▸ **DATA RECORDS**
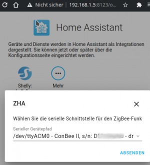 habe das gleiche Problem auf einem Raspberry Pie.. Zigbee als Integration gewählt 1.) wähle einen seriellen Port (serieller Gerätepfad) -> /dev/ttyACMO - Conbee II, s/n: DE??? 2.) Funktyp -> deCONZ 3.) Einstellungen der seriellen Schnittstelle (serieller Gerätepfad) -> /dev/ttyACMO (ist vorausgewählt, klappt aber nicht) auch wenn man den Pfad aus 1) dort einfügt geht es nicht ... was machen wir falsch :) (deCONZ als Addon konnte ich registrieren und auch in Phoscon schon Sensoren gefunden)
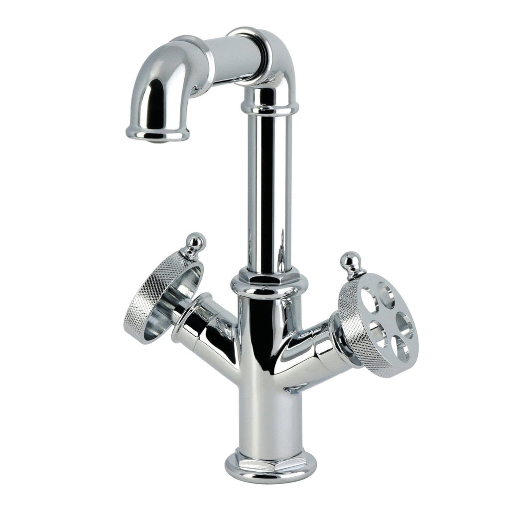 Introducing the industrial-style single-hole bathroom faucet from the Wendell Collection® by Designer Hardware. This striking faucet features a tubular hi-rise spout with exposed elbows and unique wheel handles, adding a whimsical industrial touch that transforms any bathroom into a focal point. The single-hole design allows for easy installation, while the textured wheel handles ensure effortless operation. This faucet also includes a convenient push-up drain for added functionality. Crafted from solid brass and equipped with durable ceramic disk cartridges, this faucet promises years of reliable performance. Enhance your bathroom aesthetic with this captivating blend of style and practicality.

---

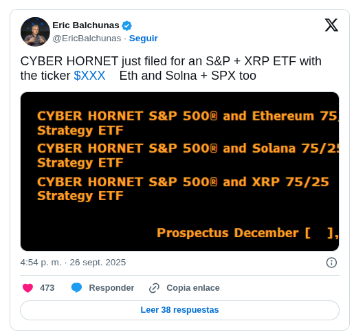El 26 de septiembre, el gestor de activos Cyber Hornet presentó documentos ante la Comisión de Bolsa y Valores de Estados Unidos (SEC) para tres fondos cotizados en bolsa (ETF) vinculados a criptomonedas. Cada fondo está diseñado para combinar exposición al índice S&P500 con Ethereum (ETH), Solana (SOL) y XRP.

▸ **WHAT THE TASK ASKS**
In the records above, find the line with "habe das gleiche" and the line with "Introducing the industrial-style", then restate word for word only those two lines and all lines between, omitting pictures.

▸ **ANSWER SPACE**
 habe das gleiche Problem auf einem Raspberry Pie.. Zigbee als Integration gewählt 1.) wähle einen seriellen Port (serieller Gerätepfad) -> /dev/ttyACMO - Conbee II, s/n: DE??? 2.) Funktyp -> deCONZ 3.) Einstellungen der seriellen Schnittstelle (serieller Gerätepfad) -> /dev/ttyACMO (ist vorausgewählt, klappt aber nicht) auch wenn man den Pfad aus 1) dort einfügt geht es nicht ... was machen wir falsch :) (deCONZ als Addon konnte ich registrieren und auch in Phoscon schon Sensoren gefunden)
 Introducing the industrial-style single-hole bathroom faucet from the Wendell Collection® by Designer Hardware. This striking faucet features a tubular hi-rise spout with exposed elbows and unique wheel handles, adding a whimsical industrial touch that transforms any bathroom into a focal point. The single-hole design allows for easy installation, while the textured wheel handles ensure effortless operation. This faucet also includes a convenient push-up drain for added functionality. Crafted from solid brass and equipped with durable ceramic disk cartridges, this faucet promises years of reliable performance. Enhance your bathroom aesthetic with this captivating blend of style and practicality.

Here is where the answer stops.